Giorgio De Capitani, condizioni in miglioramento

Il quadro clinico rispetto alle prime ore è più positivo, anche se i medici non sciolgono ancora il riserbo. L'incidente era avvenuto il 4 aprile, quando De Capitani stava salendo il Fleckistock con due suoi compagni. In ripresa anche Niccolò Ratti
Giorgio De Capitani © FB Giorgio De Capitani

 

Migliorano le condizioni di Giorgio De Capitani, lo scialpinista travolto da una valanga sul Fleckistock (3.147 metri) insieme a Niccolò Ratti, il 4 aprile, alla vigilia di Pasqua. I due stavano salendo il canale Sickinelli, sulla nord della montagna Svizzera, quando un lastrone di ghiaccio si è staccato, travolgendoli. Illeso Luca Zanette, il terzo del gruppo, che procedeva in testa e che ha lanciato immediatamente l'allarme, favorendo al massimo un soccorso tempestivo ed efficace.

La cautela dei medici

I dottori giustamente non vogliono sbilanciarsi, ma Giorgio è stato svegliato, riconosce i familiari e sarebbe stato trasferito di reparto, il che lascia sperare in un miglioramento stabile delle condizioni del 45enne di Civate, che avrebbe superato la fase più critica. La famiglia nei giorni scorsi è salita a Lucerna per seguire da vicino l'evoluzione del ricovero del proprio caro, che ha riportato un forte trauma alla testa – nell'impatto aveva perso il caschetto- e diverse ferite. Ogni aggiornamento sul decorso medico – che giocoforza non potrà essere breve- è volutamente lasciato a quando i dottori riterranno opportuno esprimersi. Rispetto al quadro clinico delle prime ore la situazione però permette di tirare un sospiro di sollievo.

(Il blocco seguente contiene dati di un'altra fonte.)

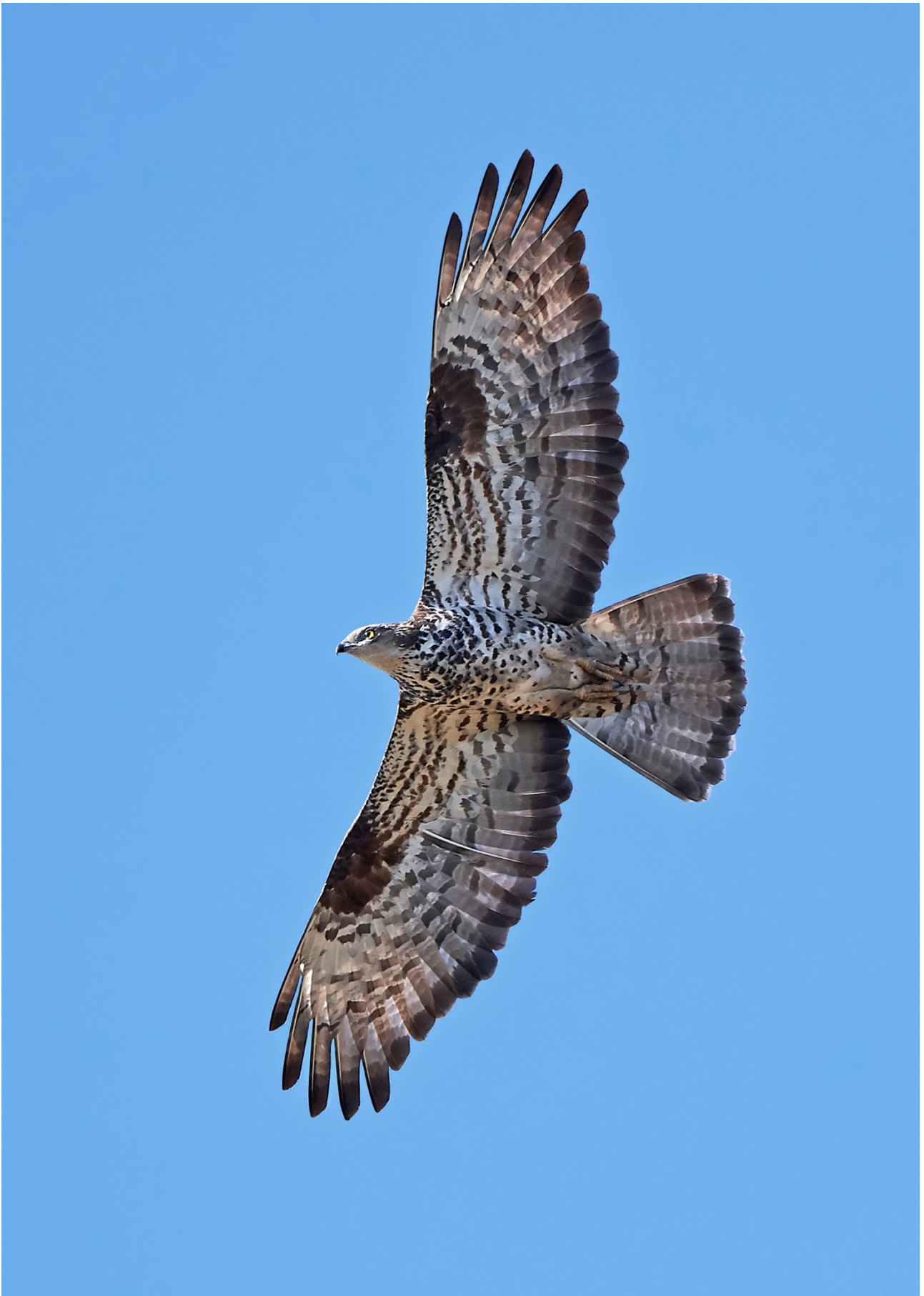
Hvepsevåge er på udpegningsgrundlaget for Natura 2000-området.

De Capitani, che lavora come consulente assicurativo e fa parte del gruppo alpinistico Gamma di Lecco, ha all'attivo un nutrito curriculum di salite e altrettante discese. Scialpinismo e freeride non sono infatti solo delle grandi passioni, ma attività che pratica da diversi anni, sempre con grande competenza e attenzione.

 

In progresso anche il quadro clinico di Niccolò Ratti, che fin dalle prime ore era apparso meno grave dell'amico.